Memories are stories that we tell ourselves.
Though memory can appear as substantial as what is perceived as ‘real’ by the senses.
Any experience prior to the writing of the poem is ultimately irrelevant to the poem, though the poem can ‘contain’ or allude to dozens of experiences.
A poem does not have to depend on the idea or experience which may have given rise to it; the idea or experience can ‘merely’ be the starting point.
‘The poem is more than the poet’s intention. The poet does not write what he knows but what he does not know…. Words are ambiguous…. The poem is not a handing out of the same packet to everyone, as it is not a thrown-down heap of words for us to choose the bonniest. The poem is the replying chord to the reader. It is the reader’s involuntary reply’ (Graham, 1946: 380-381).
Writing ‘about’ something invariably changes it.
The poem is provisional. You start off saying something and language gets involved and, as soon as it does, the aeroplane’s hijacked, the door’s ripped off and passengers and cargo are sucked out screaming or sleeping
And memories are hardly reliable: two people can remember a shared experience differently; memories can change in the light of subsequent experience; a subsequent experience can call into question the veracity of a memory.
 This notion is implicit in ‘Baldwin Road’: ‘the other side of the coal bunker we built and demolished’ suggests the substantiality of something that no longer exists except in memory (Yates, 2004: 28).

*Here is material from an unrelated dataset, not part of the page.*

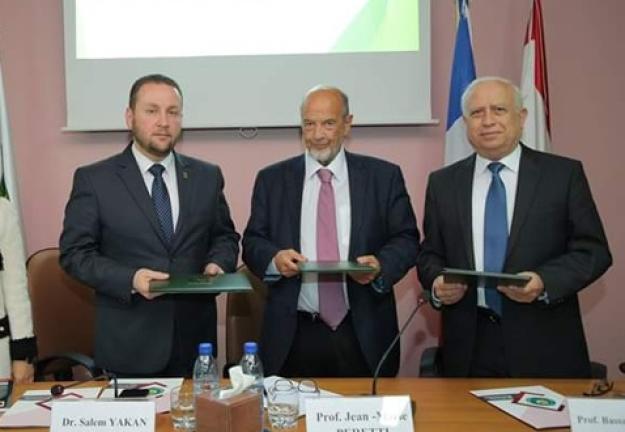 A signing ceremony of a cooperation agreement was held between Jinan University represented by the Chairman of the Board of Trustees at the University, Dr. Salem Yakan, and the presence of the University President, Prof. Bassam Baraka, the General Director, Prof. Bassam Hijazi, President Najeeb Mikati represented by Mr. Nabil Soufi, President of the Bar Association of Tripoli Mr. Mohammad Mourad represented by Ms. Samia Bahri, Dr. Imad kasaa the Representative of the Agence Universitaire de la Francophonie, Dean of the Faculty of Science at Jinan University Dr. Joumana Younis, the administrative and academic bodies at Jinan University along with the Academy of Management Sciences in Paris (ASMP) represented by its President of the Doctoral School, Professor Jean-Marie Peretti, for the establishment of a joint program of a Doctorate in Business Administration (DBA).

 The flying metaphor is an attempt to describe the sensation that the poem has taken on a life of its own, a capacity identified by Peter Sansom as characterising ‘genuine’ poems: ‘poems that have their own purpose, not just the writer’s’ (Sansom, 1999: 2). I believe that Coleridge’s concept of organic form is implicit in Sansom’s thinking here, as is evident in his account of ‘authentic writing’: ‘My feeling is that the most authentic writing comes of working with more than the “conscious” thought, when the process is organic, when it relies upon – in Coleridge’s phrase – the “shaping spirit of the imagination”. This is still using devices, but using them instinctively and prompted by the language, the patterns a poem naturally wants to follow and develop’ (Sansom, 1994: 27).